Examining QRS amplitude criteria for electrocardiographic left ventricular hypertrophy in recommendations for screening criteria in athletes. Journal of electrocardiology Singla, V., Jindal, A., Pargaonkar, V., Soofi, M., Wheeler, M., Froelicher, V. 2015; 48 (3): 368-372

Abstract

Current guidelines for interpretation of the ECGs of athletes recommend that isolated R and S wave amplitudes that exceed traditional criteria for left ventricular hypertrophy be accepted as a physiological response to exercise training. This is based on training and echocardiographic studies but not on long term follow up.

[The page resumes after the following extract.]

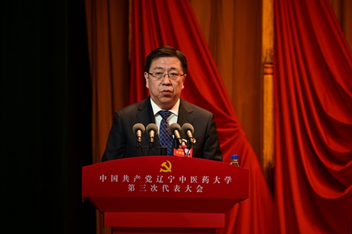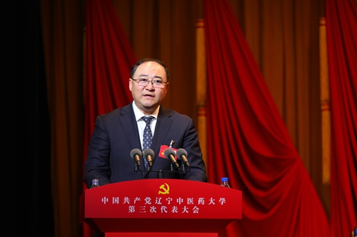 吕晓东同志代表中国共产党yl6809永利官网第二届委员会作题为《立德树人守初心 振兴岐黄担使命 为建设高水平有特色的一流中医药大学而努力奋斗》的报告。

Demonstration of the prognostic characteristics of the amplitude criteria in a non-athletic population could support the current guidelines.To evaluate the prognostic value of the R and S wave voltage criteria for electrocardiographic left ventricular hypertrophy (ECG-LVH) in an ambulatory clinical population.The target population consisted of 20,903 ambulatory subjects who had ECGs recorded between 1987 and 1999 and were followed for cardiovascular death until 2013. During the mean follow up of 17years, there were 881 cardiovascular deaths.The mean age was 43±10, 91% were male and 16% were African American. Of the 2482 (12%) subjects who met the Sokolow-Lyon criteria, 241 (1.2%) subjects with left ventricular (LV) strain had an HR of 5.4 (95% CI 4.1-7.2, p<0.001), while 2241 (11%) subjects without strain had an HR of 1.4 (95% CI 1.2-1.8, p<0.001). Of the 4836 (23%) subjects who met the Framingham voltage criteria, 350 (2%) subjects with LV strain had an HR of 5.1 (95% CI 4.0-6.5, p<0.001), while 4486 (22%) subjects without strain had an HR of 1.1 (95% CI 0.9-1.3, p=0.26). The individual components of the Romhilt-Estes had HRs ranging from 1.4 to 3.6, with only the voltage component not being significant (HR 1.1, 95% CI 0.9-1.5, p=0.35).This study demonstrates that the R and S wave voltage criteria components of most of the original classification schema for electrocardiographic left ventricular hypertrophy are not predictive of CV mortality. Our findings support the current guidelines for electrocardiographic screening of athletes.